Phenomenal Memory

In many countries of the world event held in memory, in Germany, USA, England etc. The first international MEMORIADA took place in 1991 in England. Registered world record: Remembering numbers – 1620 numbers for 1 hour – Andy Bell (England). Memorizing binary numbers – numbers 2745 in 30 minutes – Zhang Yu (USA). Fast memorizing numbers – 314 digits in 5 minutes – Yu Zhang (USA). Records recorded in the Guinness Book of Records: Remembering the number n – in February 1995 by Hiroyuki Goto of Tokyo called from memory the number n up to 42 195 characters. Record was recorded in the Tokyo Broadcasting Center. French physicist Andre Marie Ampere (1775-1836) was able to repeat long passages from the encyclopedia on topics of heraldry and falconry, even 50 years after reading the relevant articles.
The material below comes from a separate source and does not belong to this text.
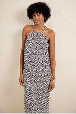 Vestido em malha jersey de poliamida ibodegradável, sustentável e com proteção uv 50+ estampa cones, modelagem levemente ampla, porta seio com elástico, decote trapézio com detalhe pregas e aviamento especial, alça com amarração posterior e comprimento midi. modelo veste tamanho p.

South African and international statesman Jan Smuts Christian (1890-1950) already at an advanced age memorized the 5000 books. In June 2009, a neurosurgeon from Lviv Andriy Slyusarchuk set a world record for memorizing the number . He remembered the 30 million digits after the decimal point standing this number. In 2009, the winner was Briton memoriady Ben Pridmore. He became a three-time champion memoriady nominations for remembering names, faces and four thousand numbers in sequence. The list goes on.

. . We admire people who show such impressive results, but remember to train numbers, dates, names, foreign words, etc. not as difficult as it seems. First and foremost, we need to set a goal and stop criticizing his memory.